Playing too much with coordinates will get you into a fictional universe, coordinates are not physical don't take them to seriously
Hey I just took a Mercator map of the Earth and extended it upwards. Now there's a lot of new space to the north of the north pole!
The dimensions are the key.
they are physical. We use them to map our location on Earth, in our solar system, in our galaxy. Spacial and temporal coordinates represent the four dimensions we have freedom to move in, with time being just as real as the spacial ones. We require four coodinates to describe our location at any given time. sometimes we can get away with just two coodinates on earth as a two D position of longitude and lattitude, if time is not needed The coodinates are just the measuring rod of the dimensions, be it distance or duration. As an example of how all four coodinates are required to precisely give our location at our given time, and an example where the time coordinate is essential, Imagine, if you will, two separate locations - a point "A" and a point "B" - connected by a path. Imagine that you have one person who starts at A while the other starts at B, and they each travel towards the other point. You can visualize where each one is by placing a finger from each hand at A and B, and then "walking" them towards their respective destinations. There's no way for the person starting at A to get to B without passing by the other person, and there's no way the person starting at B can get to A without passing the first person.

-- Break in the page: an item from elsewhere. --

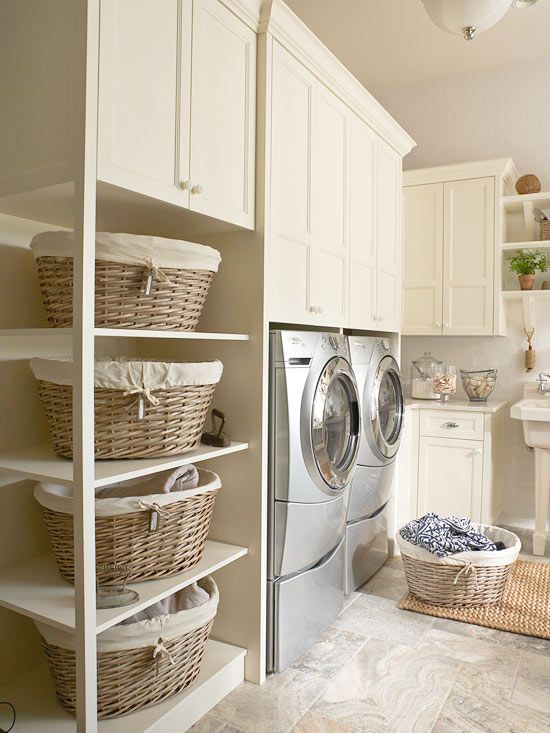 Laundry room ideas that are perfect for organization often include exit pathways for finished tasks.

In other words, in order for each person to arrive at their destination, there will need to be a moment where each of your two fingers occupy the same spot at the same time. In relativity, this is known as a simultaneous event: where all the space and time coordinates of two different physical objects overlap. This is not only non-controversial, it's mathematically provable. This thought experiment explains why time needs to be considered as a dimension that we move through, just as surely as our spatial dimensions are dimensions that we move through. And the coordinates X Y Z and T mark our position spatially and temporally in dour D space-time. Just as surely as coordinates map our two D location on Earth. Be sure to consider coordinates as physical when you use a satellite phone to call in for emergency rescue if you ever get stranded with hypoxia while climbing a very high mountain. . It wasn't Einstein, however, who put space and time dimensions together into a singular formulation that left them inextricable. Instead, it was Einstein's former professor - Hermann Minkowski - who figured out how inseparable these two entities were., which gives rise to us requiring four coordinates to describe our location.

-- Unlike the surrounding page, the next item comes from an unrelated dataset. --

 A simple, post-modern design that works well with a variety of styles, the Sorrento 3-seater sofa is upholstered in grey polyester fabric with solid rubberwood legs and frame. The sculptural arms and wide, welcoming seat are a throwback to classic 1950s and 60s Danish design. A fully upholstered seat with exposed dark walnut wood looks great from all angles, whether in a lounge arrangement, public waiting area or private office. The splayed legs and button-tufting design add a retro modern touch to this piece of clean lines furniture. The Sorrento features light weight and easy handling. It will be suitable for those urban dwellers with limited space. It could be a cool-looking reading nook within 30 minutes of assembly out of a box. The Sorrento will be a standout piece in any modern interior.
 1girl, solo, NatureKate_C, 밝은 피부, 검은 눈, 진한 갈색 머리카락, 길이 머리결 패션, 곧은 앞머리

Less than three years after Einstein first introduced his Special theory of Relativity, Minkowski demonstrated their unity with a brilliant line of reasoning. If you wish to move through space, you cannot do it instantaneously; you have to move from where you are right now to another spatial location, where you'll only arrive at some point in the future. If you're here now, you cannot be elsewhere at this same moment, you can only get there later. Moving through space requires you to move through time, too.

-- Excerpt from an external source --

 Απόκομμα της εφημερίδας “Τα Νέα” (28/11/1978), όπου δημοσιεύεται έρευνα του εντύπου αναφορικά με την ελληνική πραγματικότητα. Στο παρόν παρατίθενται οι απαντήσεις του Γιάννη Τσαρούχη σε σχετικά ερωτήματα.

If time weren't a dimension, a coordinates, with the exact properties it possesses, special relativity would be invalid, and we could not construct spacetime to describe our Universe. We need time to be a dimension inextricable from space for physics to work the way it does. and x y z and t coordinates are very real. Demonstrably so both mathematically and in real life.Plus even the most extreme mathematical calculus and algebra of general relativity turned out to be real phenomena-e.g. black holes. So maths, coordinates e.c.t. these numbers are not abstract imaginary numbers, they describe real things. Maths describes reality.